Include no pictures. Output exactly the lines from the one that contains "Welcome to A‘eloa" through the final line of the entries.

---------- Entries shown ----------

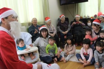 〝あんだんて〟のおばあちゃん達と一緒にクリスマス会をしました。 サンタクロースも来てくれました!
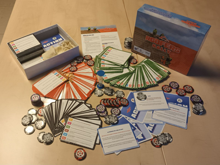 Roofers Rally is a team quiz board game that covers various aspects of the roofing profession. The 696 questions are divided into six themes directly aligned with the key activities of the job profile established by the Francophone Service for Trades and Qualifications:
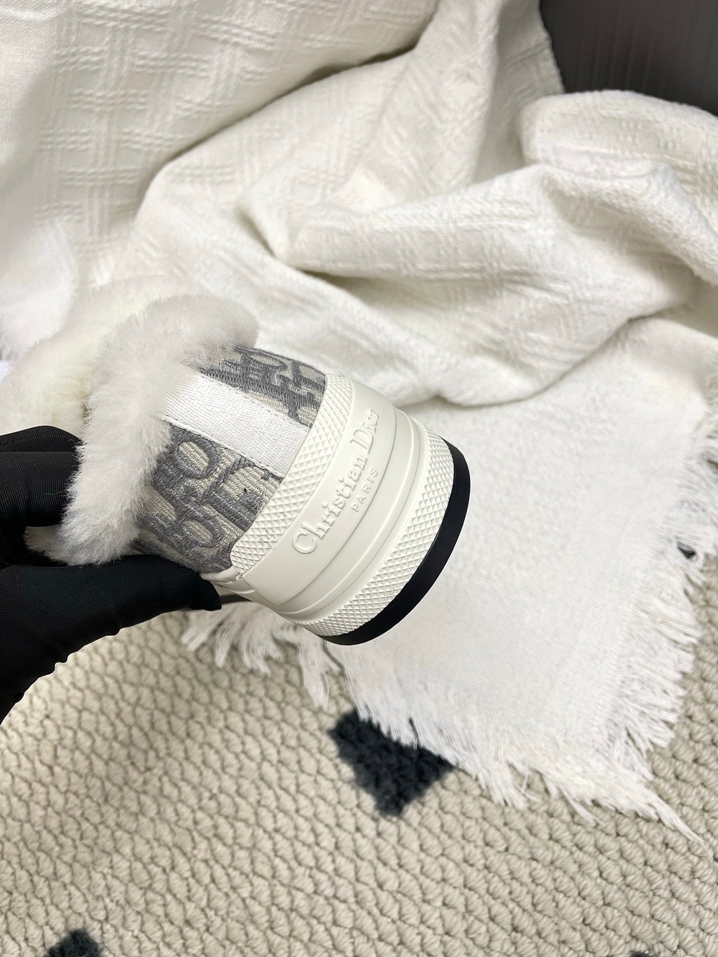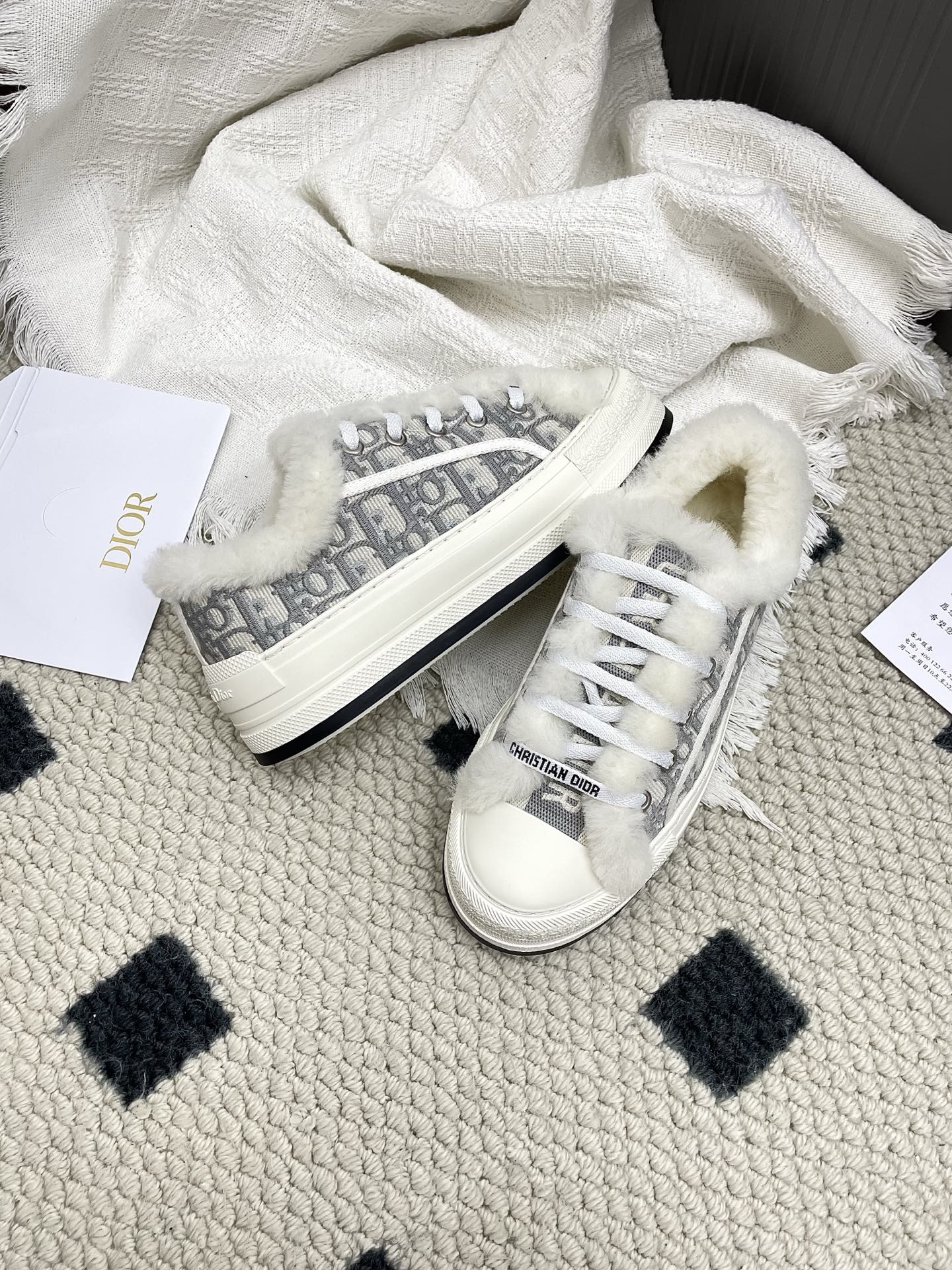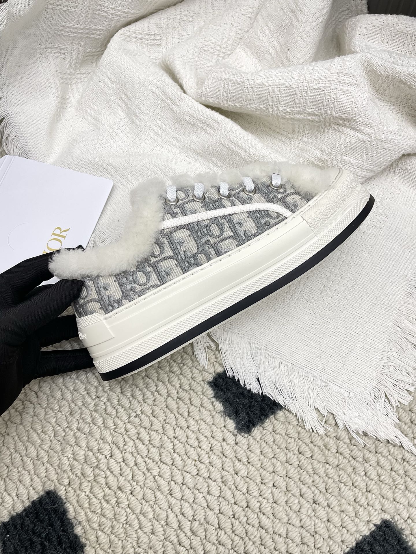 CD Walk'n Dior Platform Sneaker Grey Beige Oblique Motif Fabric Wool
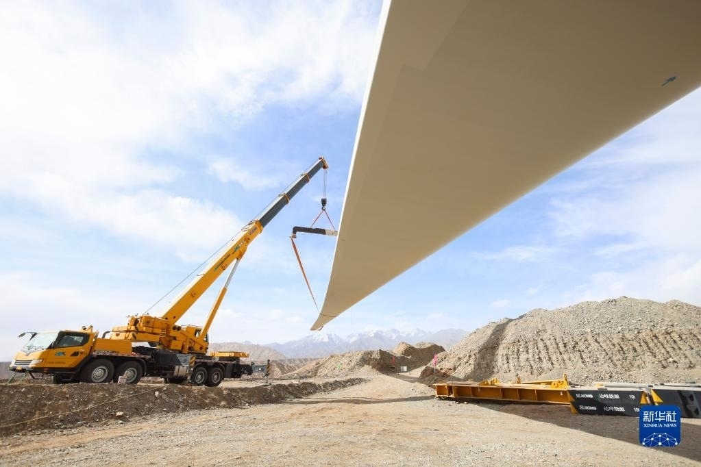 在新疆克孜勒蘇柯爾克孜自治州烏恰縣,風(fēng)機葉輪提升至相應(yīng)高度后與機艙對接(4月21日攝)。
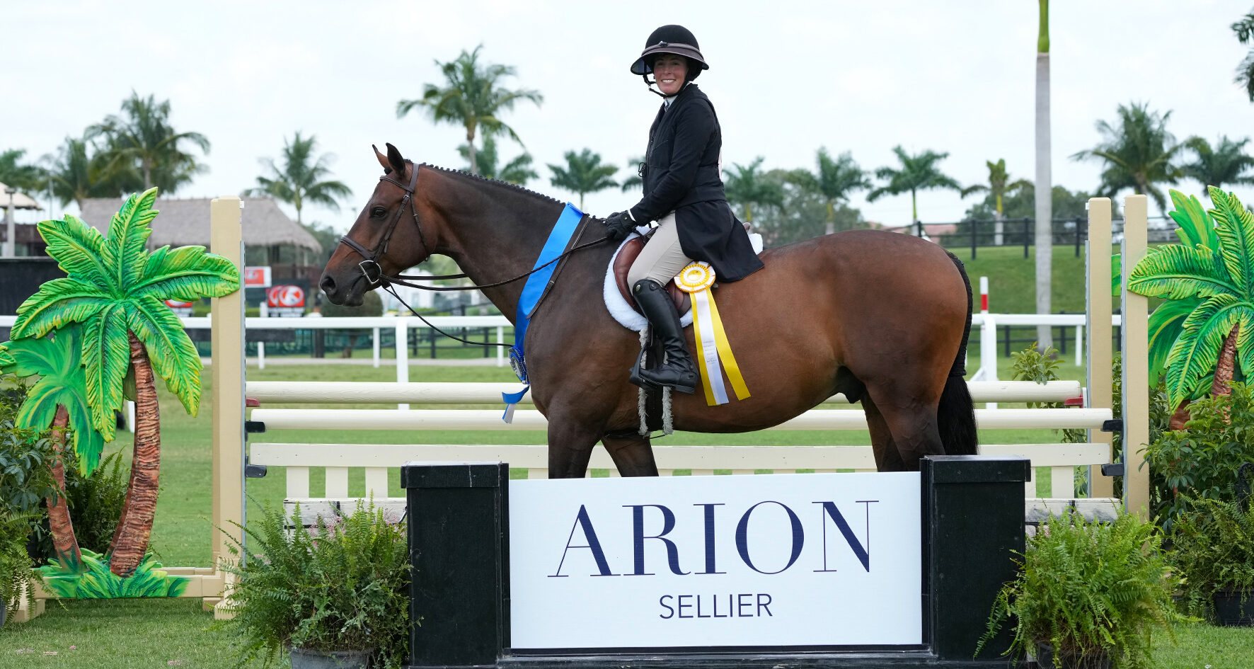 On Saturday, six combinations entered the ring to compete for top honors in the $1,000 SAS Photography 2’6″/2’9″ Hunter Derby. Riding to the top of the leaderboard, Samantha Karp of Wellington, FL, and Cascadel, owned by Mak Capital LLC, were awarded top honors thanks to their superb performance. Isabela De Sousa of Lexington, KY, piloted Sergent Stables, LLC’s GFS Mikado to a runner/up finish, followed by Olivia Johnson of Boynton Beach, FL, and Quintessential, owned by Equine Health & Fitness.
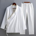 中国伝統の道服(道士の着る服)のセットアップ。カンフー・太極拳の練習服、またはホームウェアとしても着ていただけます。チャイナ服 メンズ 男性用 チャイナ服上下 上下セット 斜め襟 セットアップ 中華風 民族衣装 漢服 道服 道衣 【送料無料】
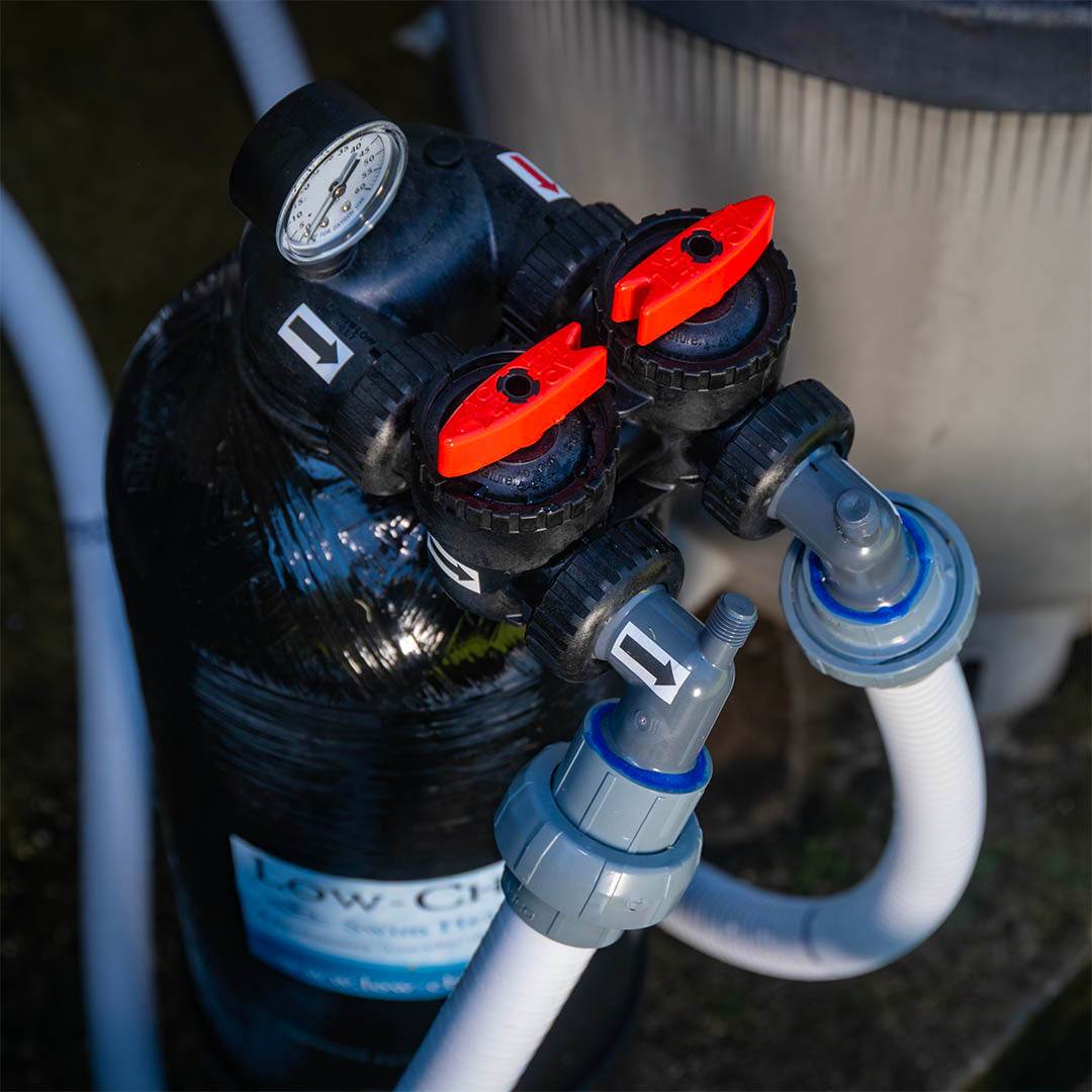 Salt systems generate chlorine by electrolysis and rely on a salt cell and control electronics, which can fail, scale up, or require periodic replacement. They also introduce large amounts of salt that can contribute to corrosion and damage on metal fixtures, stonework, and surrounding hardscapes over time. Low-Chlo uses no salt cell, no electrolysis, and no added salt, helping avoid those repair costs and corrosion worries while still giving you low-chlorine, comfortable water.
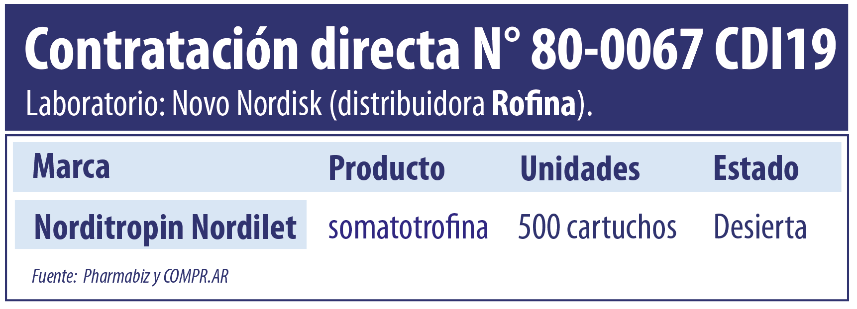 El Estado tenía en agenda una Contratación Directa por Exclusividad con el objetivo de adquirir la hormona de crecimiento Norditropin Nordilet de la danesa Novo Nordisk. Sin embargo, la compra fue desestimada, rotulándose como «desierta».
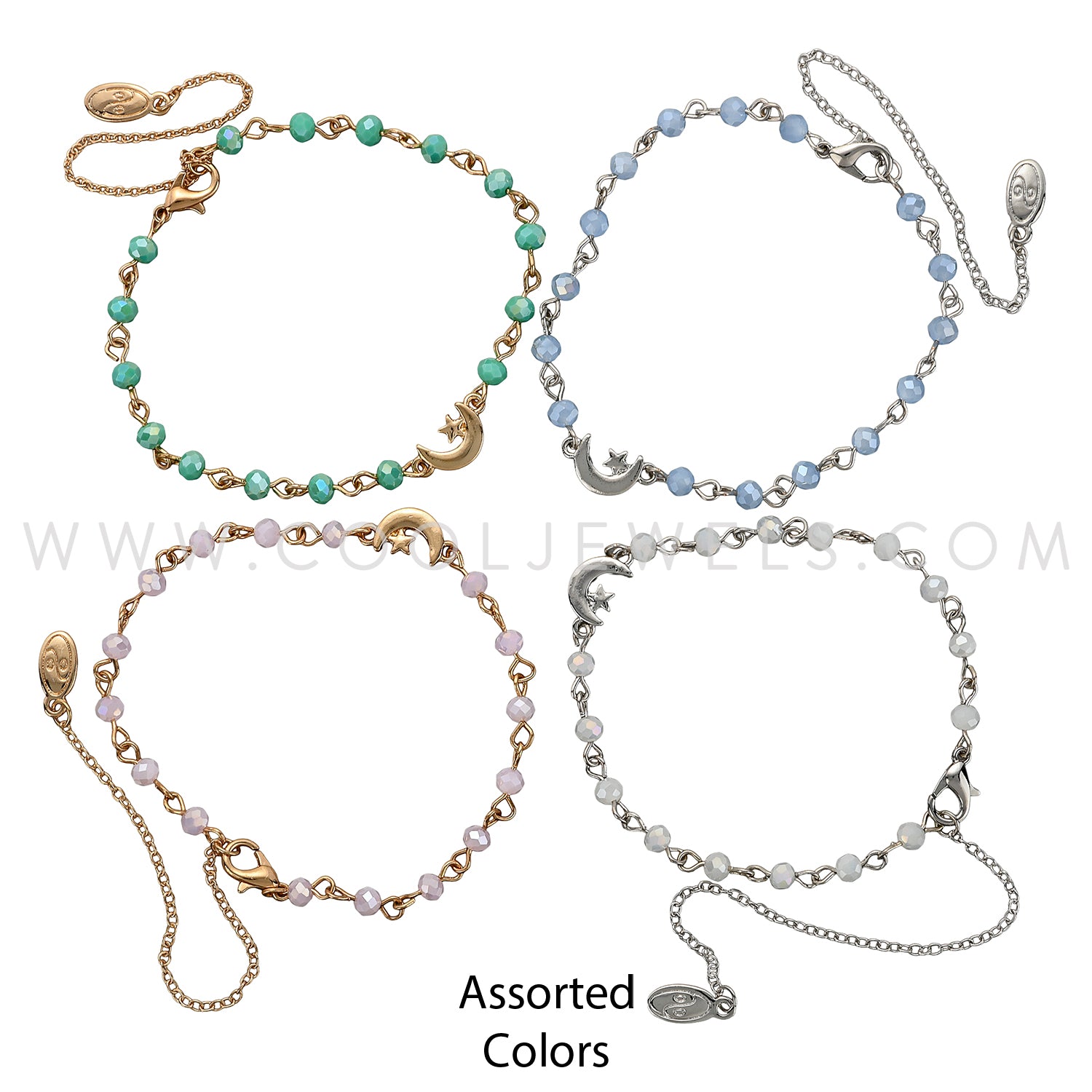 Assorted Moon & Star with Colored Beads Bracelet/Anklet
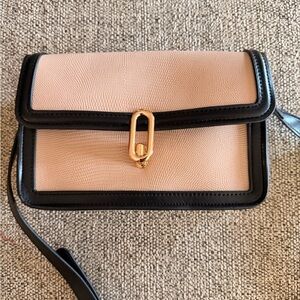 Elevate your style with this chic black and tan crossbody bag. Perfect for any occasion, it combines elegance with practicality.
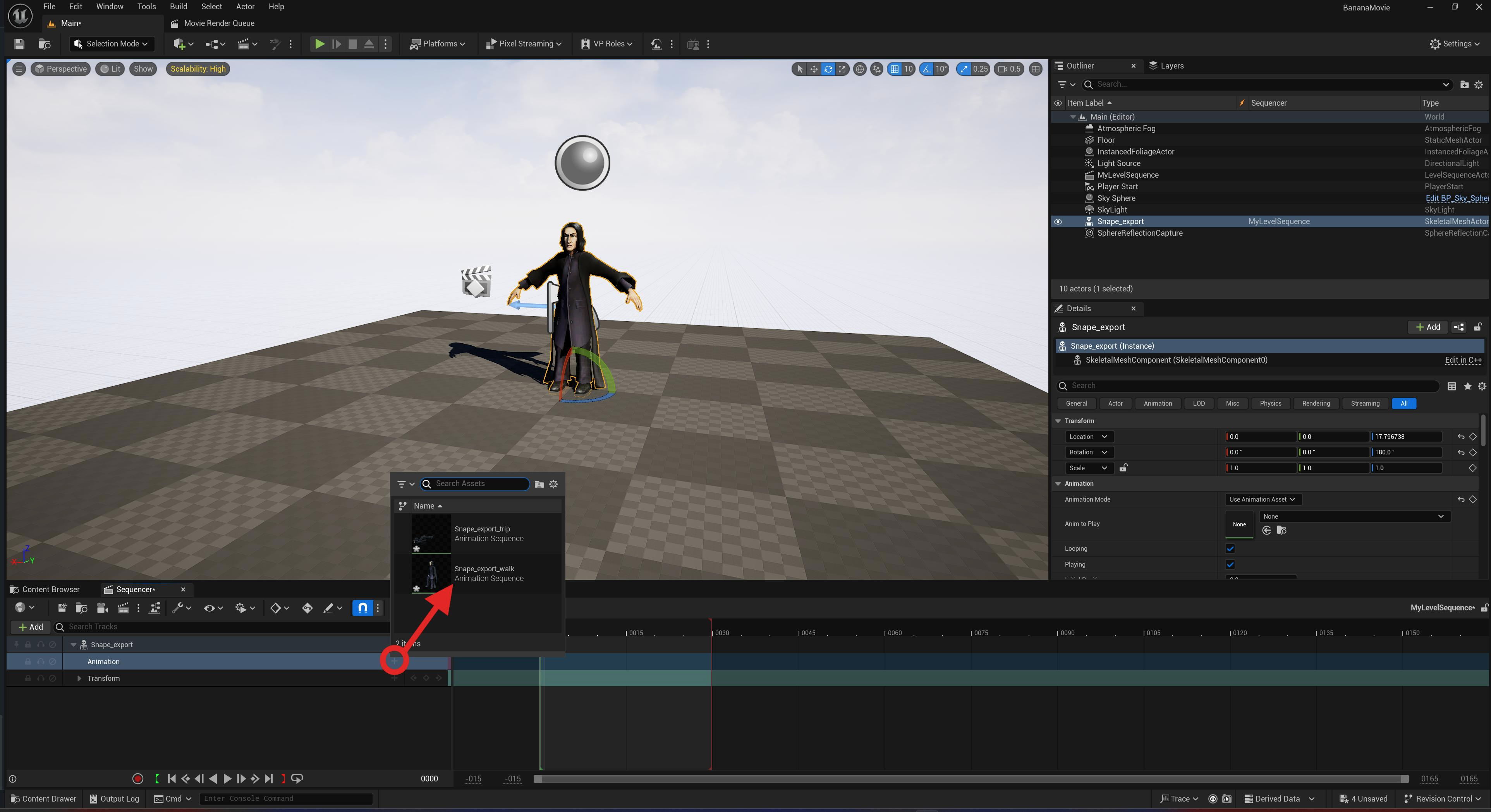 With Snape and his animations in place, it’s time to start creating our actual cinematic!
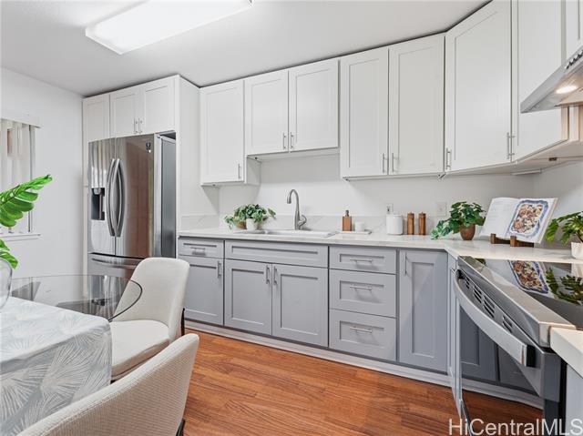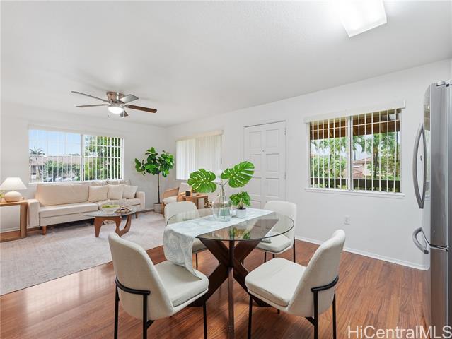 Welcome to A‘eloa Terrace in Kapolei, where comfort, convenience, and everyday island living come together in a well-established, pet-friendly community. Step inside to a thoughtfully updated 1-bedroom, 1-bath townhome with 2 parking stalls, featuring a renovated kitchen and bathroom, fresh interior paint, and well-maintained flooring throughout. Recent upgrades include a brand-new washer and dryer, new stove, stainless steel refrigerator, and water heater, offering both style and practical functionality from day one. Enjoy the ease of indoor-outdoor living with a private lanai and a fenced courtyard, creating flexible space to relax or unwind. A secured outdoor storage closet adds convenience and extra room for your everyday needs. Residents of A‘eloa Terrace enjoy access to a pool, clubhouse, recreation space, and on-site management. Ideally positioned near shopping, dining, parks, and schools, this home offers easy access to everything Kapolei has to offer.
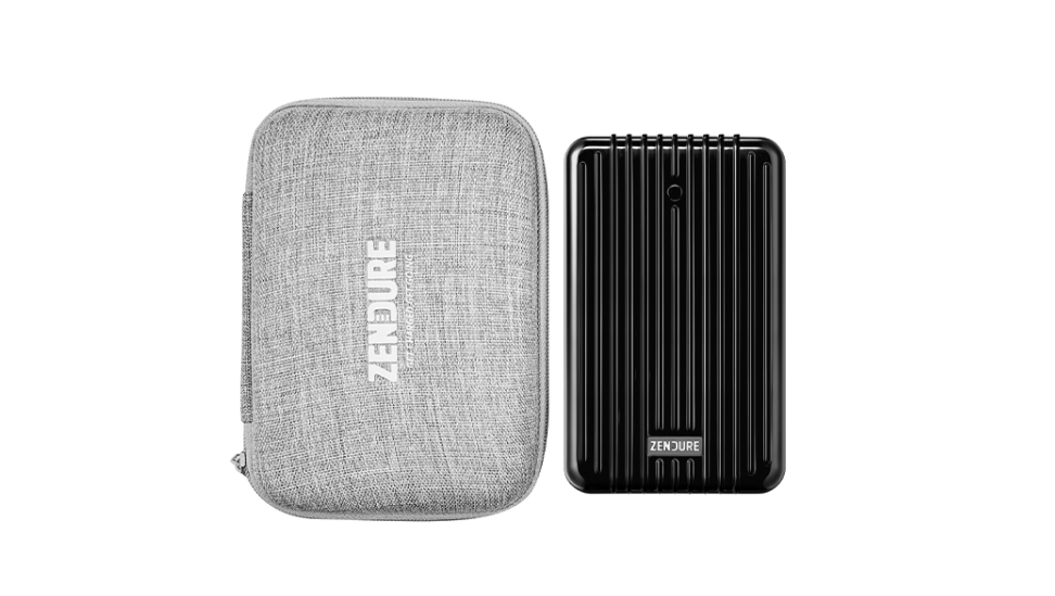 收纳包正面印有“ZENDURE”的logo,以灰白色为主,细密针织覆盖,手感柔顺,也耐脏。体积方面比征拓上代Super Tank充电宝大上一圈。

----------

Solution below:
 Welcome to A‘eloa Terrace in Kapolei, where comfort, convenience, and everyday island living come together in a well-established, pet-friendly community. Step inside to a thoughtfully updated 1-bedroom, 1-bath townhome with 2 parking stalls, featuring a renovated kitchen and bathroom, fresh interior paint, and well-maintained flooring throughout. Recent upgrades include a brand-new washer and dryer, new stove, stainless steel refrigerator, and water heater, offering both style and practical functionality from day one. Enjoy the ease of indoor-outdoor living with a private lanai and a fenced courtyard, creating flexible space to relax or unwind. A secured outdoor storage closet adds convenience and extra room for your everyday needs. Residents of A‘eloa Terrace enjoy access to a pool, clubhouse, recreation space, and on-site management. Ideally positioned near shopping, dining, parks, and schools, this home offers easy access to everything Kapolei has to offer.
 收纳包正面印有“ZENDURE”的logo,以灰白色为主,细密针织覆盖,手感柔顺,也耐脏。体积方面比征拓上代Super Tank充电宝大上一圈。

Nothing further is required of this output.